Label selectors are an experimental feature in Ray 2.49.1.

Full autoscaling support for tasks, actors, and placement groups with label selectors is available in Ray 2.51.0 and KubeRay v1.5.0.

Overview#

There are three scheduling steps to understand when using KubeRay with label-based scheduling:

  1. The Ray workload: A Ray application requests resources with a label_selector, specifying that you want to schedule on a node with those labels. Example:

@ray.remote(num_gpus=1, label_selector={"ray.io/accelerator-type": "A100"})
def gpu_task():
    pass
  1. The RayCluster CR: The RayCluster CRD defines the types of nodes available for scheduling (or scaling with autoscaling) through HeadGroupSpec and WorkerGroupSpecs. To set Ray node labels for a given group, you can specify them under a top-level Labels field. When KubeRay creates a Pod for this group, it sets these labels in the Ray runtime environment. For RayClusters with autoscaling enabled, KubeRay also adds these labels to the autoscaling configuration use for scheduling Ray workloads. Example:

headGroupSpec:
    labels:
        ray.io/region: us-central2
...
workerGroupSpecs:
  - replicas: 1
    minReplicas: 1
    maxReplicas: 10
    groupName: intel-cpu-group
    labels:
      cpu-family: intel
      ray.io/market-type: on-demand
  1. The Kubernetes scheduler: To ensure the Ray Pods land on the correct physical hardware, add standard Kubernetes scheduling features like nodeSelector or podAffinity in the Pod template. Similar to how Ray treats label selectors, the Kubernetes scheduler filters the underlying nodes in the Kubernetes cluster based on these labels when scheduling the Pod. For example, you might add the following nodeSelector to the above intel-cpu-group to ensure both Ray and Kubernetes constrain scheduling:

nodeSelector:
    cloud.google.com/machine-family: "N4"
    cloud.google.com/gke-spot: "false"

This quickstart demonstrates all three steps working together.

Quickstart#

Step 1: [Optional] Create a Kubernetes cluster with Kind#

If you don’t already have a Kubernetes cluster, create a new cluster with Kind for testing. If you’re already using a cloud provider’s Kubernetes service such as GKE, skip this step.

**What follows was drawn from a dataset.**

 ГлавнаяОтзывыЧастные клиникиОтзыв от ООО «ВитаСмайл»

kind create cluster --image=kindest/node:v1.26.0

# Mock underlying nodes with GKE-related labels. This is necessary for the `nodeSelector` to be able to schedule Pods.
kubectl label node kind-control-plane \
  cloud.google.com/machine-family="N4" \
  cloud.google.com/gke-spot="true" \
  cloud.google.com/gke-accelerator="nvidia-tesla-a100"

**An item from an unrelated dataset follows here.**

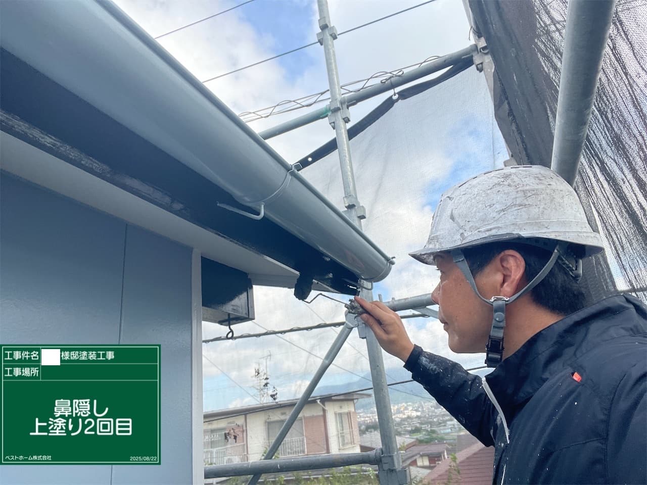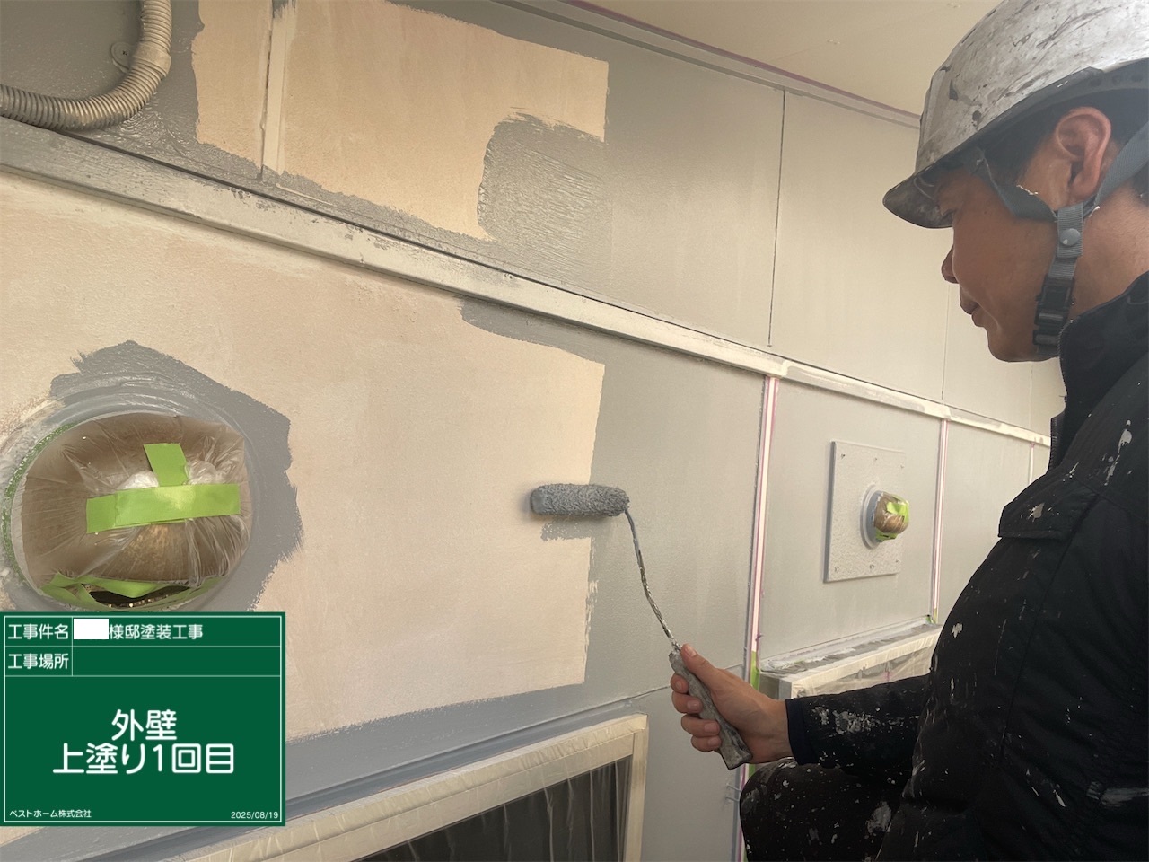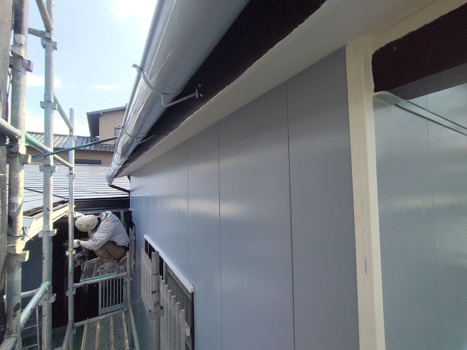 ●●外壁中間検査、外壁上塗り、付帯部塗装

This quickstart uses Kind for simplicity.

In a real-world scenario, you would use a cloud provider’s Kubernetes service (like GKE or EKS) that has different machine types, like GPU nodes and spot instances, available.

Step 2: Install the KubeRay operator#

Follow this document to install the latest stable KubeRay operator via Helm repository. The minimum KubeRay version for this guide is v1.5.0.

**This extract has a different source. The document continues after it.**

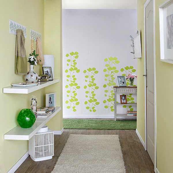 Лучше для стен выбирайте либо моющиеся обои, либо красящие вещества. Жидкие обои – ноу-хау, которое используется для оформления стен в прихожей. Такие материалы позволят вам на более долгий срок забыть о новом ремонте прихожей. Ведь сюда попадает вся пыль и грязь прямо с улицы. Именно поэтому не рекомендуется использовать ковровые покрытия на полу.

Step 3: Create a RayCluster CR with autoscaling enabled and labels specified#

kubectl apply -f https://raw.githubusercontent.com/ray-project/kuberay/master/ray-operator/config/samples/ray-cluster-label-selector.yaml

Step 4: Verify the Kubernetes cluster status#

# Step 4.1: List all Ray Pods in the `default` namespace.
kubectl get pods -l=ray.io/is-ray-node=yes

# [Example output]
NAME                                             READY   STATUS     RESTARTS   AGE
ray-label-cluster-head-5tkn2                     2/2     Running    0          3s
ray-label-cluster-large-cpu-group-worker-dhqmt   1/1     Running    0          3s

# Step 4.2: Check the ConfigMap in the `default` namespace.
kubectl get configmaps

# [Example output]
# NAME                  DATA   AGE
# ray-example           3      21s
# ...

The RayCluster has 1 head Pod and 1 worker Pod already scaled. The head Pod has two containers: a Ray head container and a Ray autoscaler sidecar container. Additionally, the ray-cluster-label-selector.yaml includes a ConfigMap named ray-example that contains three Python scripts: example_task.py, example_actor.py, and example_placement_group.py, which all showcase label-based scheduling.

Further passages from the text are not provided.